■ DATA FOR PROCESSING

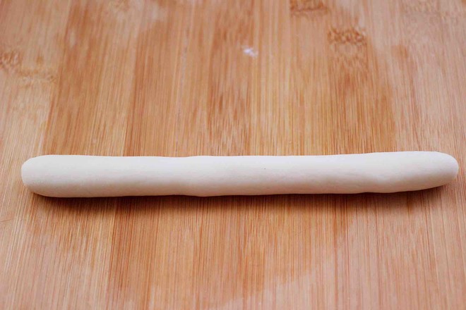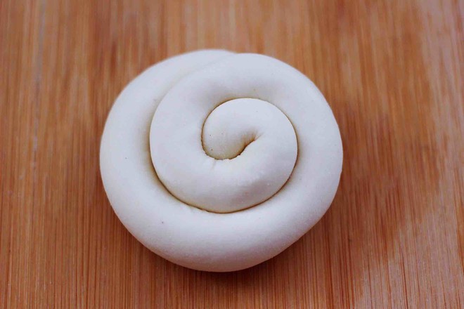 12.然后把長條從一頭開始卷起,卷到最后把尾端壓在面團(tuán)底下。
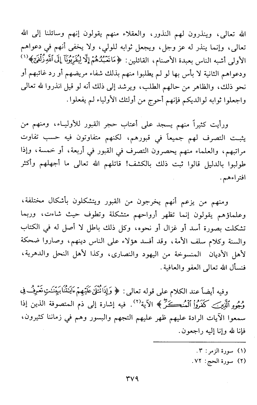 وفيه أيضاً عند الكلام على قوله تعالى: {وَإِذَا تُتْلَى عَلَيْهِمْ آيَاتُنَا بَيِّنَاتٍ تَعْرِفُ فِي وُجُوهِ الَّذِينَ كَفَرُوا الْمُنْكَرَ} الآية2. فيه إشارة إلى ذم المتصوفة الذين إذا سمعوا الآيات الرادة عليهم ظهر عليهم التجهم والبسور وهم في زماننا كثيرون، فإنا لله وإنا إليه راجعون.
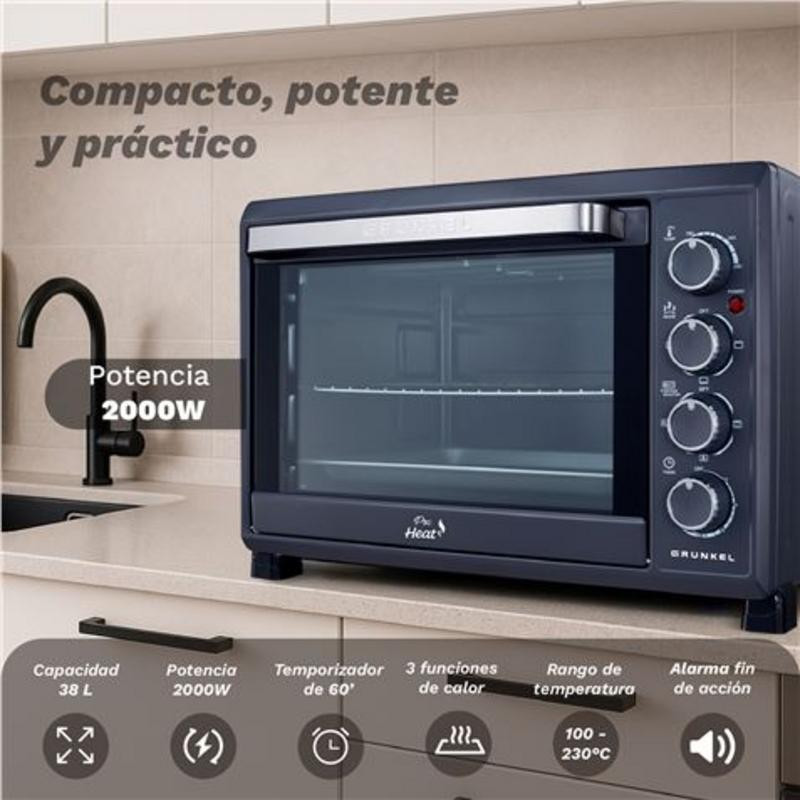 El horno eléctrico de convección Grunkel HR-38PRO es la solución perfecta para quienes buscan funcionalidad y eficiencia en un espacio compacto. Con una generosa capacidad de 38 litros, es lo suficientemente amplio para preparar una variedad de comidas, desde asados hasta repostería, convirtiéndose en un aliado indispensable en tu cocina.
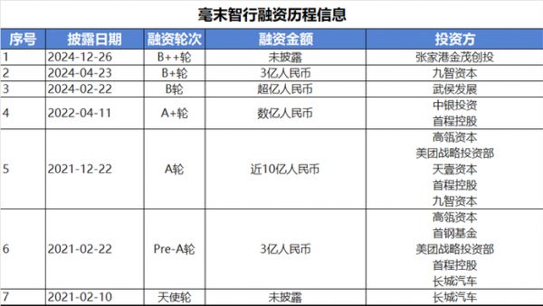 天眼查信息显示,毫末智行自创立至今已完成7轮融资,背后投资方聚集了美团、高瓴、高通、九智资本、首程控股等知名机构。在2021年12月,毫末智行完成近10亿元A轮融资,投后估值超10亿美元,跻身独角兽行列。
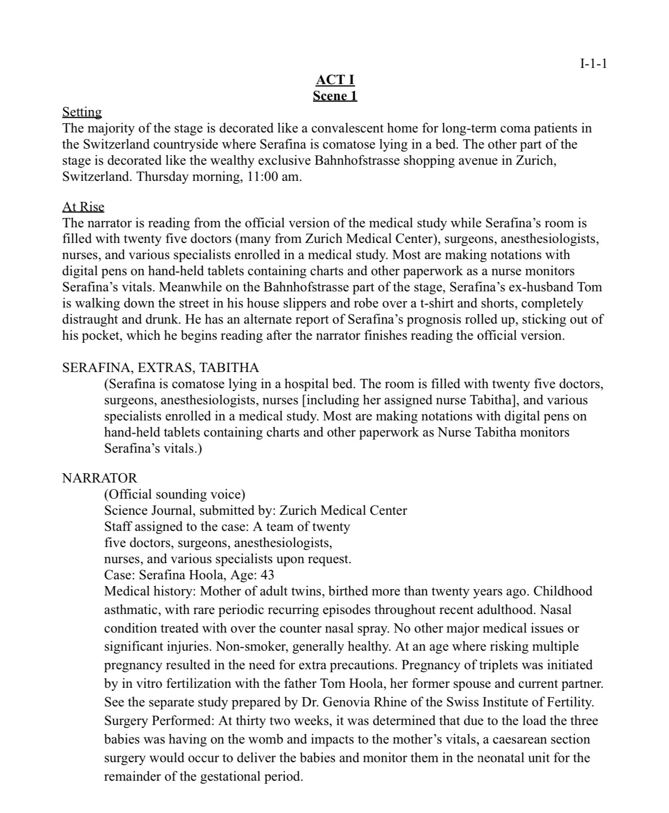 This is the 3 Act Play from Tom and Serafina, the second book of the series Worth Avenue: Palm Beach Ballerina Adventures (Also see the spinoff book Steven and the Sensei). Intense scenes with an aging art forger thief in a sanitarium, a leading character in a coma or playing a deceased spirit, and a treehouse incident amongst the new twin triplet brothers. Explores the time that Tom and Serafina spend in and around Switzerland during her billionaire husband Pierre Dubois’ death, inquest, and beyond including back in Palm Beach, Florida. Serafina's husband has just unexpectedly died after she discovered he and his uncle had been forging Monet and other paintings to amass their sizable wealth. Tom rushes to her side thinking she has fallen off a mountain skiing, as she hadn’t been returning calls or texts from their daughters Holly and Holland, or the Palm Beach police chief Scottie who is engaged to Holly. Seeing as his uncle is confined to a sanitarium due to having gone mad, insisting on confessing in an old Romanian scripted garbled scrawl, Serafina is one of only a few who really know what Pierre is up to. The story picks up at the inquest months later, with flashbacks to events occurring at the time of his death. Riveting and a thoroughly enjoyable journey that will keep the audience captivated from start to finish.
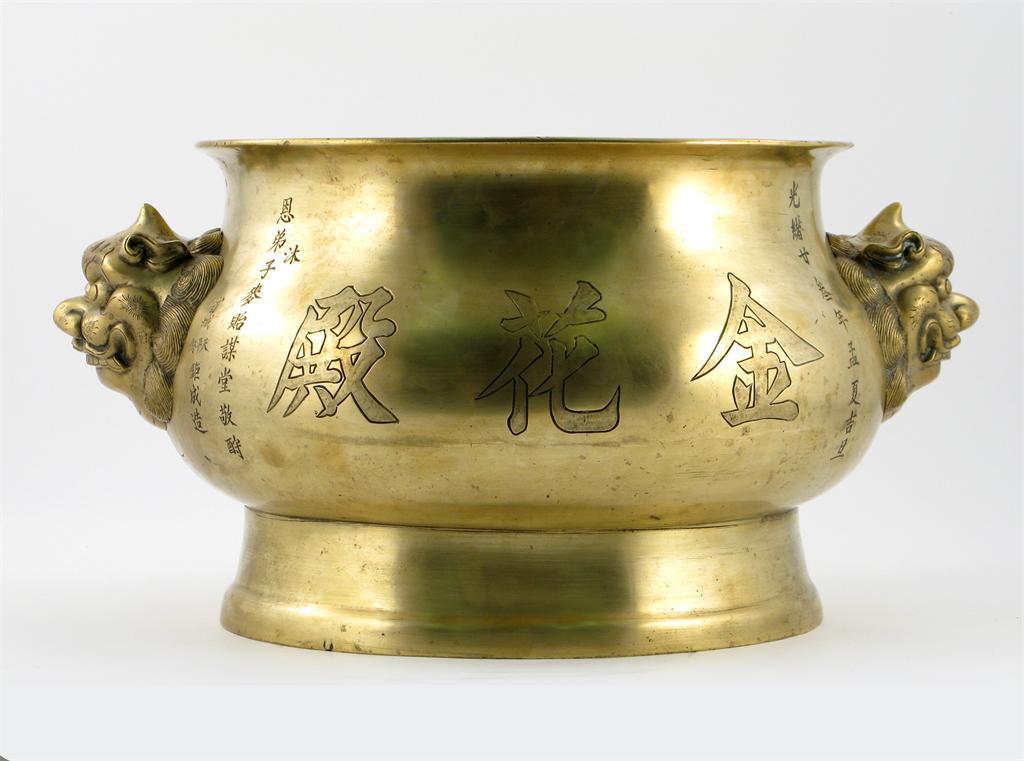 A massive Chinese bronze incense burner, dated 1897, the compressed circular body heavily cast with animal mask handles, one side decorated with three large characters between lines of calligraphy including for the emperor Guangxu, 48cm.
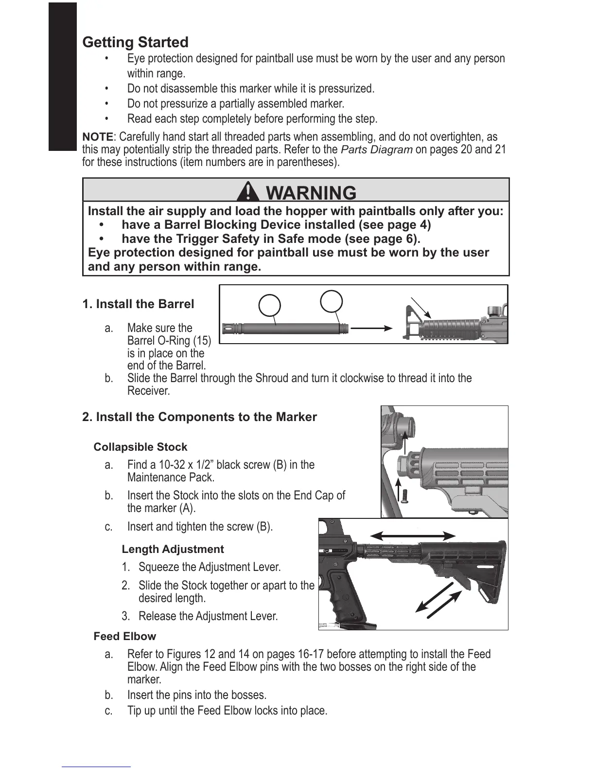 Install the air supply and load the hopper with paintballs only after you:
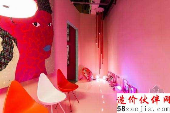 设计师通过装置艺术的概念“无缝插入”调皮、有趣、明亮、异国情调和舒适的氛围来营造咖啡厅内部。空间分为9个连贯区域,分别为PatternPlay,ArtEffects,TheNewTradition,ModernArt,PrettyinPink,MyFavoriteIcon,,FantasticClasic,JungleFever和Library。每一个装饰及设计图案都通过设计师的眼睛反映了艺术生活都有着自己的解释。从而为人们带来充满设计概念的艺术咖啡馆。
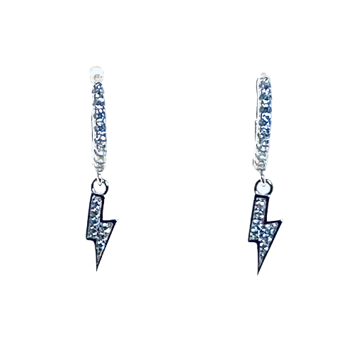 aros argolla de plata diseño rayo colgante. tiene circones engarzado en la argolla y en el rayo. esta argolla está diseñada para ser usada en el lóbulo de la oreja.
* * *
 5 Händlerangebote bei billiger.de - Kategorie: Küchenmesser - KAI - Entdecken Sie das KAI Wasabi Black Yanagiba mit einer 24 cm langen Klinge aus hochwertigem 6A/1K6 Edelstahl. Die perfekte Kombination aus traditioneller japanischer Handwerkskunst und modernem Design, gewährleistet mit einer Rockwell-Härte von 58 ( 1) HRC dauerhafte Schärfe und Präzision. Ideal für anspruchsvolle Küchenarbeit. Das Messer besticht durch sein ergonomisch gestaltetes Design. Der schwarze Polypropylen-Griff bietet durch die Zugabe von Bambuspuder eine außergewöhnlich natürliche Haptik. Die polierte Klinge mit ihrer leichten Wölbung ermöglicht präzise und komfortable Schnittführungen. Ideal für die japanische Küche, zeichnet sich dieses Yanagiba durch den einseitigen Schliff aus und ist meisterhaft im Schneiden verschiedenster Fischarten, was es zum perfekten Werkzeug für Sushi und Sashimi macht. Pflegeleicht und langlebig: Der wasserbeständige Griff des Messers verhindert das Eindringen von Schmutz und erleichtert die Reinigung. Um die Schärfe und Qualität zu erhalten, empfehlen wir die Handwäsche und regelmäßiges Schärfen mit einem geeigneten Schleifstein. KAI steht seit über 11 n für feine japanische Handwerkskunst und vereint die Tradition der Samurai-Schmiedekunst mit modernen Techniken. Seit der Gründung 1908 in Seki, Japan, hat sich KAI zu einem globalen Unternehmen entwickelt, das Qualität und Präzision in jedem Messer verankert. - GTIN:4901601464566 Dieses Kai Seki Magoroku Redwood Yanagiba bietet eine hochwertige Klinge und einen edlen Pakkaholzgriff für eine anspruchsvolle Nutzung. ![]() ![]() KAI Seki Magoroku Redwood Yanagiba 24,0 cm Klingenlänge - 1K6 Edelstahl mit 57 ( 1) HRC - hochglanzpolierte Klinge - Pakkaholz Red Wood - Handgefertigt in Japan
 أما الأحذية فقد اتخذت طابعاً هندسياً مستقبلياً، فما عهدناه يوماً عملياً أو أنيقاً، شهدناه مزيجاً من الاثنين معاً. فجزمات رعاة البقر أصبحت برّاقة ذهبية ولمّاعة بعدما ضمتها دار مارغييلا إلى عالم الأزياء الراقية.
...
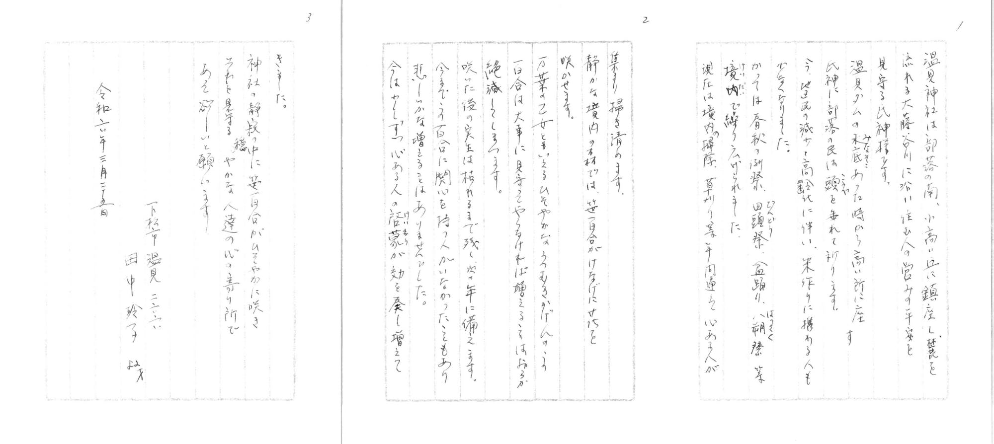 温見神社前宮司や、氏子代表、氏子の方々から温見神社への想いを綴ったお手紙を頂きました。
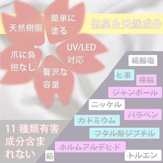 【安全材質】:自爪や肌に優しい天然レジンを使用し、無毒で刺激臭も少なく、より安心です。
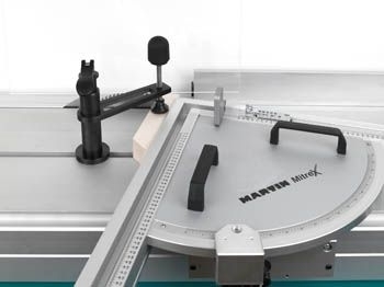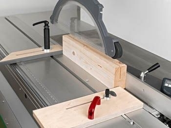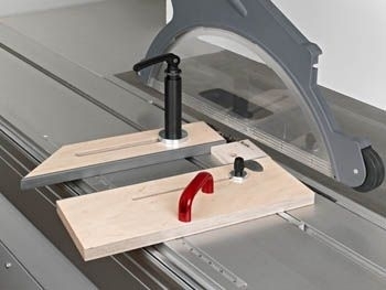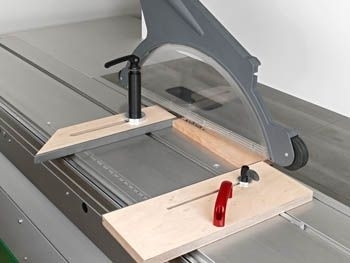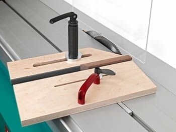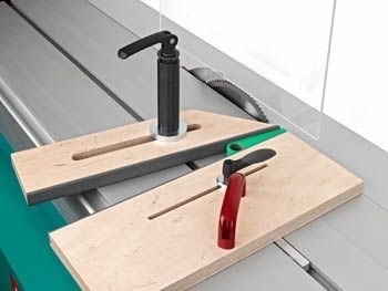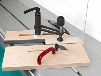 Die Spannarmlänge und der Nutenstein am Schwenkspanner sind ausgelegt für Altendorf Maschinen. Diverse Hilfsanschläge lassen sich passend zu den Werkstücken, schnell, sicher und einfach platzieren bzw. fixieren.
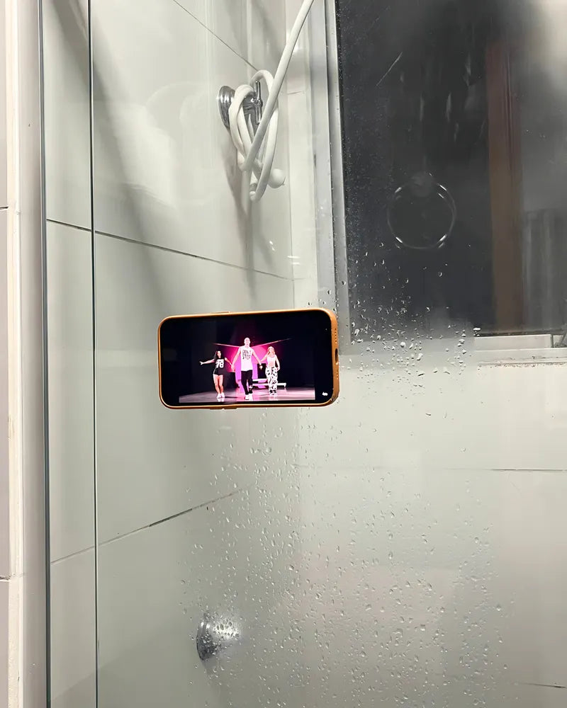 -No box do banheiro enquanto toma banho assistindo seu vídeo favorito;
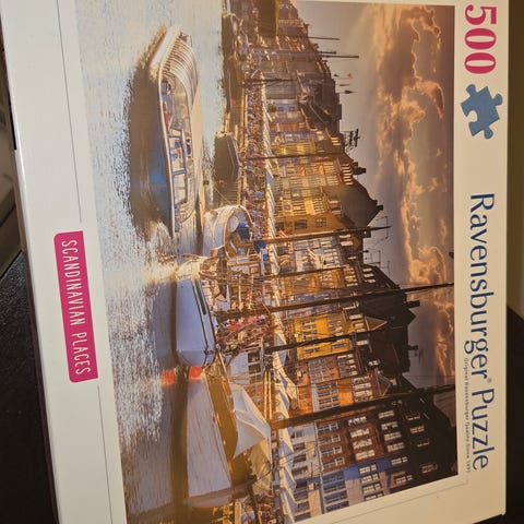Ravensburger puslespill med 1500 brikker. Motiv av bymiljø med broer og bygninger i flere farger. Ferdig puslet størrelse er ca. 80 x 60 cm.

■ TASK GOAL
In the listing above, find the line with "12.然后把長條從一頭開始卷起,卷到最后把尾端壓在面團(tuán)底下。" and the line with "وفيه أيضاً عند". Output both, plus every line between them, and no pictures.

■ WRITTEN SOLUTION
 12.然后把長條從一頭開始卷起,卷到最后把尾端壓在面團(tuán)底下。
 وفيه أيضاً عند الكلام على قوله تعالى: {وَإِذَا تُتْلَى عَلَيْهِمْ آيَاتُنَا بَيِّنَاتٍ تَعْرِفُ فِي وُجُوهِ الَّذِينَ كَفَرُوا الْمُنْكَرَ} الآية2. فيه إشارة إلى ذم المتصوفة الذين إذا سمعوا الآيات الرادة عليهم ظهر عليهم التجهم والبسور وهم في زماننا كثيرون، فإنا لله وإنا إليه راجعون.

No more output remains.